Work to complete:
Could you reproduce every entry as it stands, leaving the pictures behind?

[Opening Task material section]

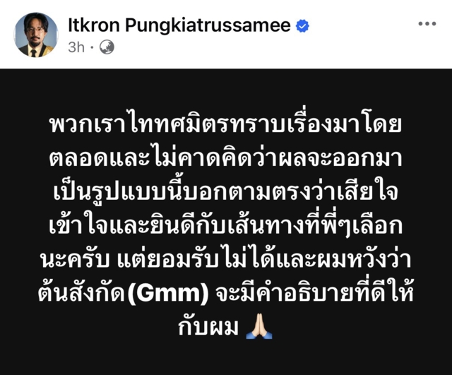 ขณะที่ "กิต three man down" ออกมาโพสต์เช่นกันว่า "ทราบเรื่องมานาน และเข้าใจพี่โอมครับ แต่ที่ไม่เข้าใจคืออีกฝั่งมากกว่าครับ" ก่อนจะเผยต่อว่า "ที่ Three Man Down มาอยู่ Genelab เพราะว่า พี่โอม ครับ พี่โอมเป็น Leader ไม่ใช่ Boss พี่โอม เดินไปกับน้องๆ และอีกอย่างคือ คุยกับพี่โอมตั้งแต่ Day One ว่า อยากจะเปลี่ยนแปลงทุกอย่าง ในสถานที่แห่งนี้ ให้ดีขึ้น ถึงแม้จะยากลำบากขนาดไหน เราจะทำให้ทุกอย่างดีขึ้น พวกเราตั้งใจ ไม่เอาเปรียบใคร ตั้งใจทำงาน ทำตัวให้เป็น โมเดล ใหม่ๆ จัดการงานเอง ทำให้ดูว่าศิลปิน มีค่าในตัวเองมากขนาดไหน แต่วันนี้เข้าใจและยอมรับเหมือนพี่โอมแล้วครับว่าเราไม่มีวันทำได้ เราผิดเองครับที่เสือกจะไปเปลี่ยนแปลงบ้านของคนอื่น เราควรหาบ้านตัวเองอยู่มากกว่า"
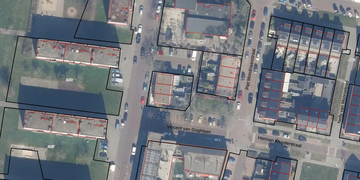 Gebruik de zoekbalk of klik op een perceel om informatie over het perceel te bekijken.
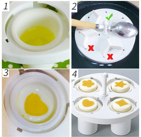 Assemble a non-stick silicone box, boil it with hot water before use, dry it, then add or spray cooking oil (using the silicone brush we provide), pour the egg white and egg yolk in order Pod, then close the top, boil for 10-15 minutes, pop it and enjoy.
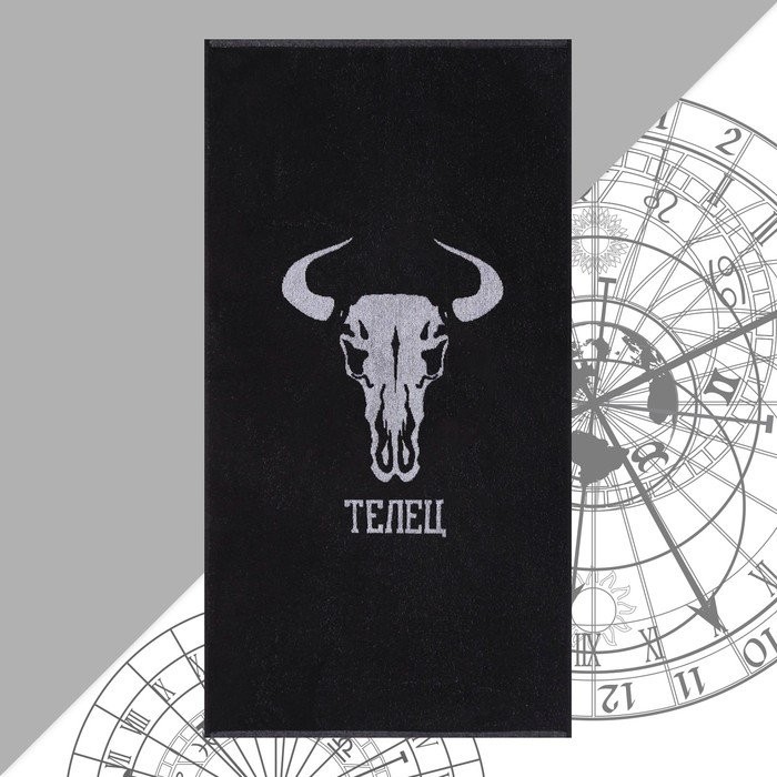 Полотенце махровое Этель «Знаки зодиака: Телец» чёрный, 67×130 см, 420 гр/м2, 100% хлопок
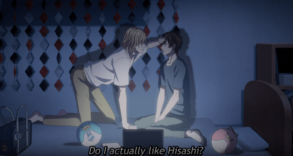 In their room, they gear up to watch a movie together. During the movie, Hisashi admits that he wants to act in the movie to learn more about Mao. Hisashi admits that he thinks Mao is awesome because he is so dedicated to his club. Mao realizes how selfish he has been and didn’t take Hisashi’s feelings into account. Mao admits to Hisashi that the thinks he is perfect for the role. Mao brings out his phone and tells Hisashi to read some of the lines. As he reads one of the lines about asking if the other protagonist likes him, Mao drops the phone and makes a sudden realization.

[Closing Task material section]

Response to this exercise:
 ขณะที่ "กิต three man down" ออกมาโพสต์เช่นกันว่า "ทราบเรื่องมานาน และเข้าใจพี่โอมครับ แต่ที่ไม่เข้าใจคืออีกฝั่งมากกว่าครับ" ก่อนจะเผยต่อว่า "ที่ Three Man Down มาอยู่ Genelab เพราะว่า พี่โอม ครับ พี่โอมเป็น Leader ไม่ใช่ Boss พี่โอม เดินไปกับน้องๆ และอีกอย่างคือ คุยกับพี่โอมตั้งแต่ Day One ว่า อยากจะเปลี่ยนแปลงทุกอย่าง ในสถานที่แห่งนี้ ให้ดีขึ้น ถึงแม้จะยากลำบากขนาดไหน เราจะทำให้ทุกอย่างดีขึ้น พวกเราตั้งใจ ไม่เอาเปรียบใคร ตั้งใจทำงาน ทำตัวให้เป็น โมเดล ใหม่ๆ จัดการงานเอง ทำให้ดูว่าศิลปิน มีค่าในตัวเองมากขนาดไหน แต่วันนี้เข้าใจและยอมรับเหมือนพี่โอมแล้วครับว่าเราไม่มีวันทำได้ เราผิดเองครับที่เสือกจะไปเปลี่ยนแปลงบ้านของคนอื่น เราควรหาบ้านตัวเองอยู่มากกว่า"
 Gebruik de zoekbalk of klik op een perceel om informatie over het perceel te bekijken.
 Assemble a non-stick silicone box, boil it with hot water before use, dry it, then add or spray cooking oil (using the silicone brush we provide), pour the egg white and egg yolk in order Pod, then close the top, boil for 10-15 minutes, pop it and enjoy.
 Полотенце махровое Этель «Знаки зодиака: Телец» чёрный, 67×130 см, 420 гр/м2, 100% хлопок
 In their room, they gear up to watch a movie together. During the movie, Hisashi admits that he wants to act in the movie to learn more about Mao. Hisashi admits that he thinks Mao is awesome because he is so dedicated to his club. Mao realizes how selfish he has been and didn’t take Hisashi’s feelings into account. Mao admits to Hisashi that the thinks he is perfect for the role. Mao brings out his phone and tells Hisashi to read some of the lines. As he reads one of the lines about asking if the other protagonist likes him, Mao drops the phone and makes a sudden realization.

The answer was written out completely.